Work item:
Without the pictures, write out all the lines below exactly as they appear.

[Records from a data source]
········

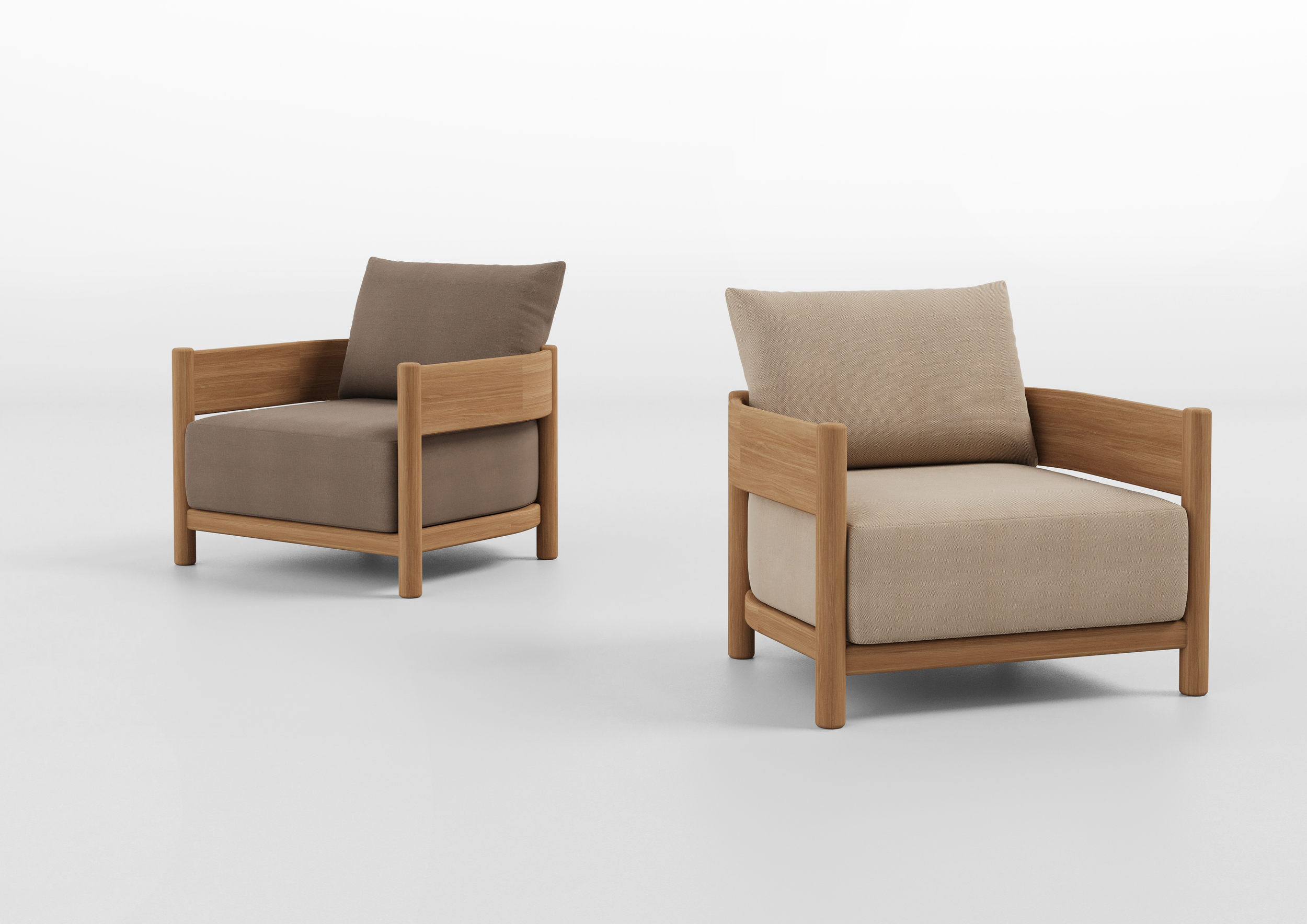 Broad, sculptural surfaces in solid teak allow the natural grain and warmth of the wood to take centre stage in the Mara. Every curve and edge has been carefully softened, creating a collection that is bold in scale yet gentle in detail. Deep cushions sit within the frame, while a low-profile coffee table anchors the arrangement. This is a collection where the material truly speaks for itself.
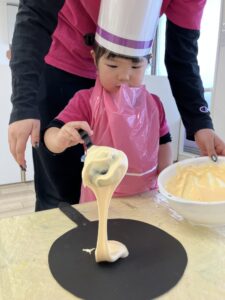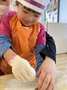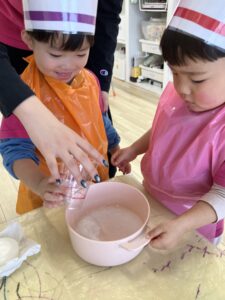 2歳児さんはすりおろし器で石けんを削って細かくし水を加えると、クリームに見立てて泡立て器で混ぜ混ぜ……泡が増えていく様子を楽しんでいました♪
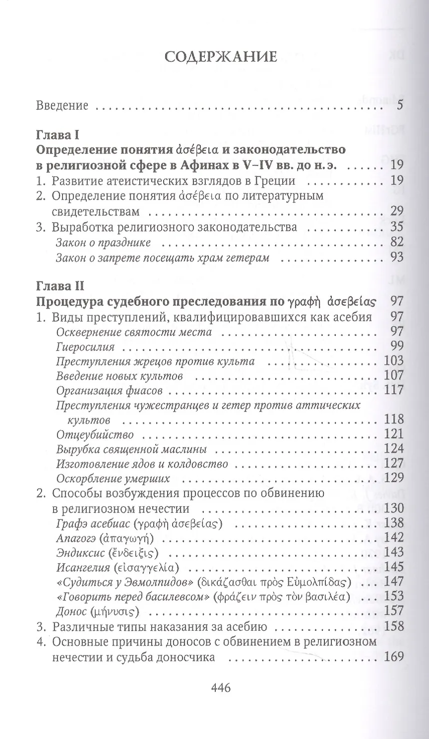 Автор тщательно систематизирует данные античной традиции о сути нечестия (асебии) в понимании древних, о видах проступков, квалифицировавшихся как религиозное нечестие, о способах возбуждения обвинения в подобных случаях, а также рассматривает на отдельных примерах сам ход судебного процесса.
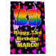 This joyful and colourful birthday themed giftbag design features a large number “33” with a rainbow spectrum gradient inspired pattern, along with the message “Happy 33rd Birthday,”, and a custom name. The background features a pattern of pink, purple, and red heart shapes. A birthday themed gift bag like this might be a fun way to wrap a gift or present being given to celebrate somebody’s thirty third birthday. [~Z0000551]
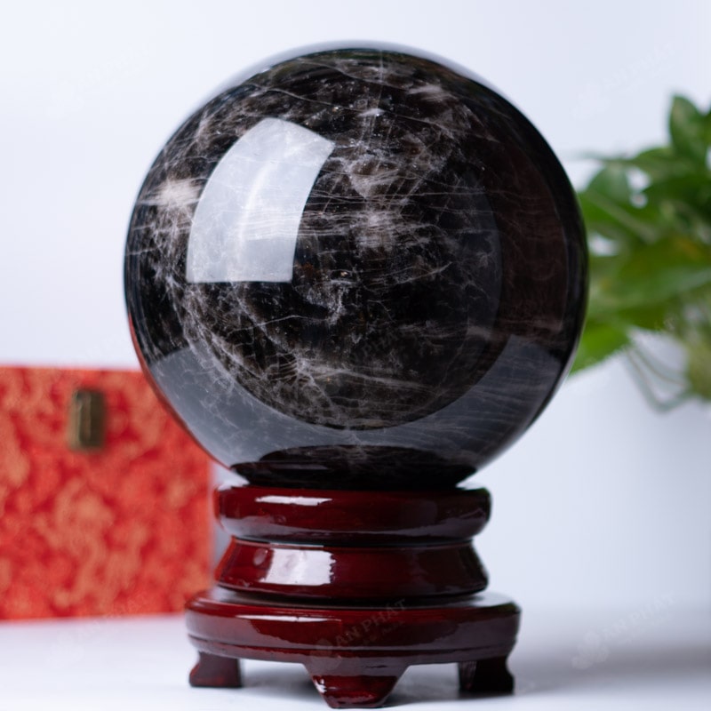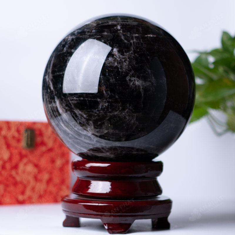 Ảnh cận cảnh quả cầu đá thạch anh đen
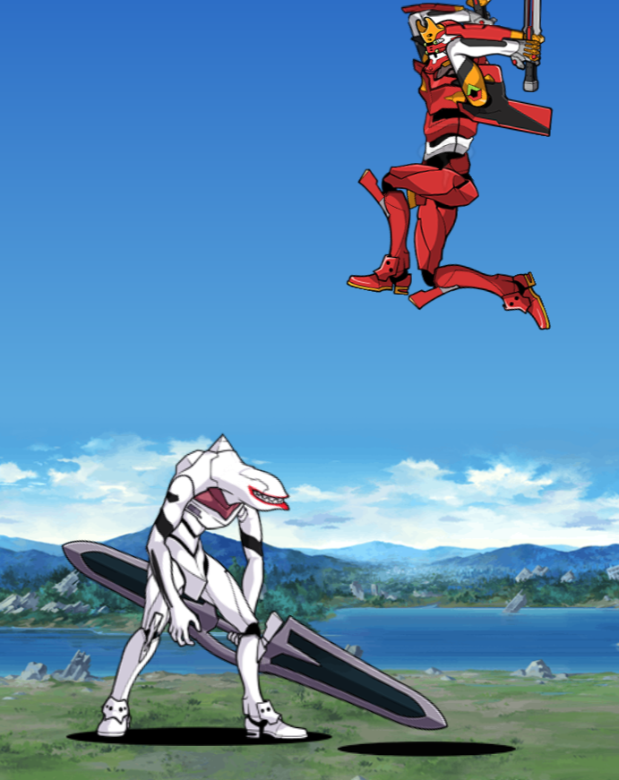 原作再現のためにネコがいない方が都合が良かったから第1形態なんだろうけど、2号機はジャンプするのでかなり画面の上側に行っちゃうし両腕と武器を振り上げてるから第2形態の頭にしがみ付いてるネコが見辛くなってしまうので、第2形態でこの画像を作ろうとしたら第1形態との違いが分かりにくくなるのでこのままで良いと思います。
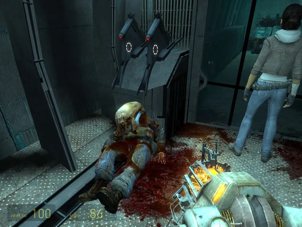 Хватаем самую жирненькую из них, с помощью правой кнопки мыши, и бегом на лифт (на укусы остальных внимания не обращаем — здоровья валом, а много они не накусают). Тащим трофей к Аликс и держим перед ней, пока мадмуазель не перепрограммирует систему наведения.
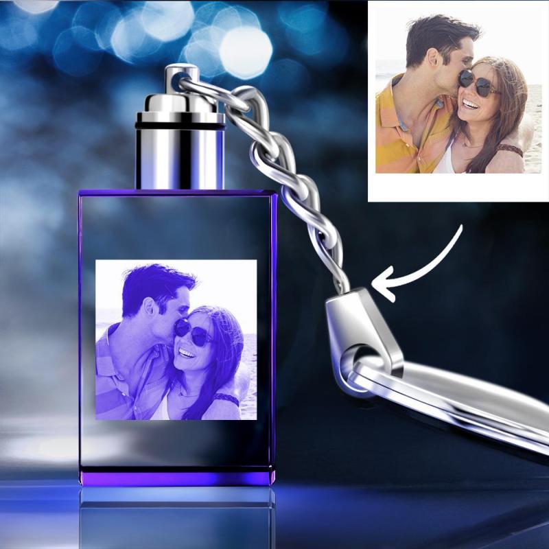 Llavero de Foto Personalizada de Cristal en Forma de Rectángulo de Pareja
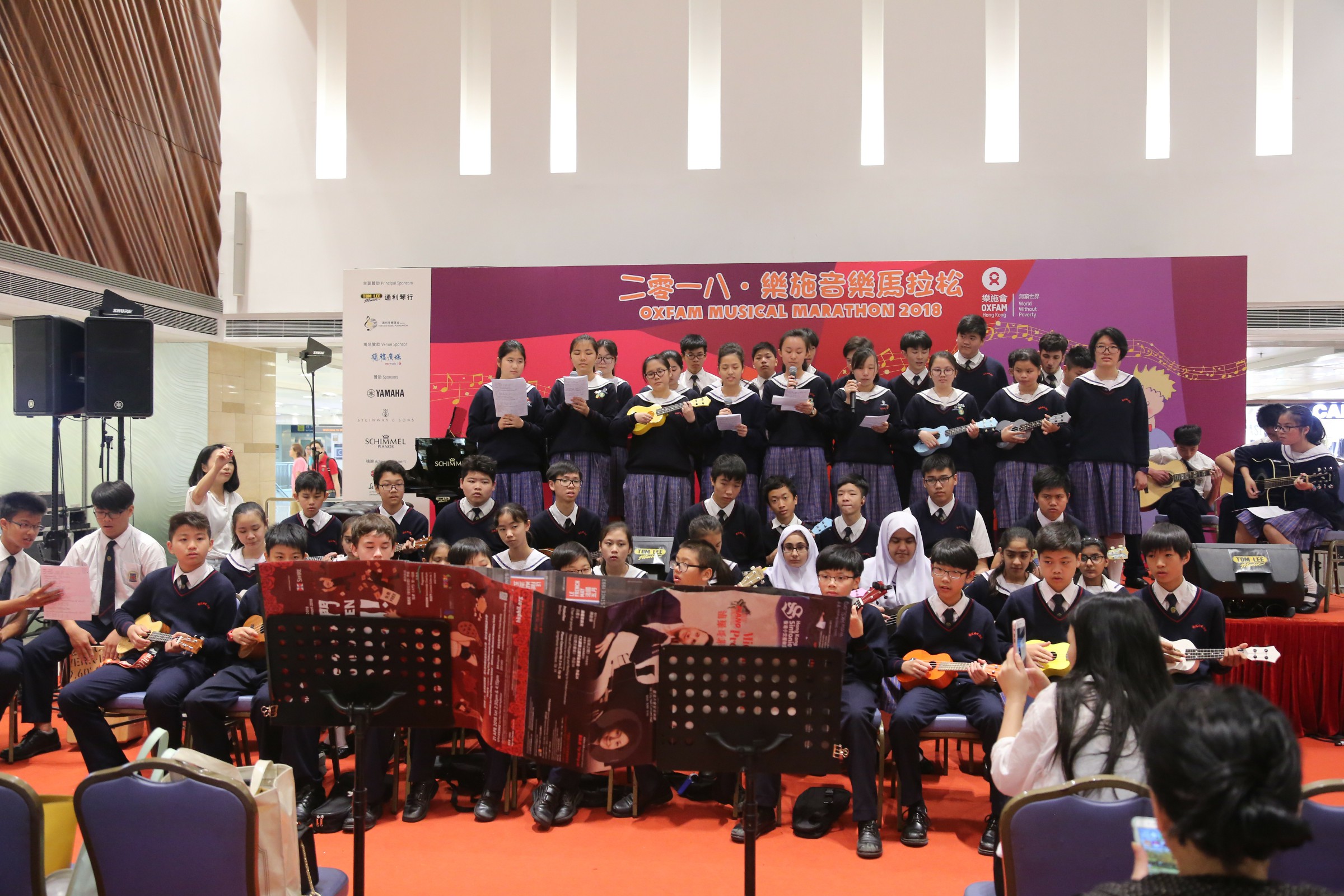 本校參加由樂施會主辦的「樂施音樂馬拉松」,於2018年4月22日(星期日)在九龍灣德福商場舉行。「樂施音樂馬拉松」

········

Written solution:
 Broad, sculptural surfaces in solid teak allow the natural grain and warmth of the wood to take centre stage in the Mara. Every curve and edge has been carefully softened, creating a collection that is bold in scale yet gentle in detail. Deep cushions sit within the frame, while a low-profile coffee table anchors the arrangement. This is a collection where the material truly speaks for itself.
 2歳児さんはすりおろし器で石けんを削って細かくし水を加えると、クリームに見立てて泡立て器で混ぜ混ぜ……泡が増えていく様子を楽しんでいました♪
 Автор тщательно систематизирует данные античной традиции о сути нечестия (асебии) в понимании древних, о видах проступков, квалифицировавшихся как религиозное нечестие, о способах возбуждения обвинения в подобных случаях, а также рассматривает на отдельных примерах сам ход судебного процесса.
 This joyful and colourful birthday themed giftbag design features a large number “33” with a rainbow spectrum gradient inspired pattern, along with the message “Happy 33rd Birthday,”, and a custom name. The background features a pattern of pink, purple, and red heart shapes. A birthday themed gift bag like this might be a fun way to wrap a gift or present being given to celebrate somebody’s thirty third birthday. [~Z0000551]
 Ảnh cận cảnh quả cầu đá thạch anh đen
 原作再現のためにネコがいない方が都合が良かったから第1形態なんだろうけど、2号機はジャンプするのでかなり画面の上側に行っちゃうし両腕と武器を振り上げてるから第2形態の頭にしがみ付いてるネコが見辛くなってしまうので、第2形態でこの画像を作ろうとしたら第1形態との違いが分かりにくくなるのでこのままで良いと思います。
 Хватаем самую жирненькую из них, с помощью правой кнопки мыши, и бегом на лифт (на укусы остальных внимания не обращаем — здоровья валом, а много они не накусают). Тащим трофей к Аликс и держим перед ней, пока мадмуазель не перепрограммирует систему наведения.
 Llavero de Foto Personalizada de Cristal en Forma de Rectángulo de Pareja
 本校參加由樂施會主辦的「樂施音樂馬拉松」,於2018年4月22日(星期日)在九龍灣德福商場舉行。「樂施音樂馬拉松」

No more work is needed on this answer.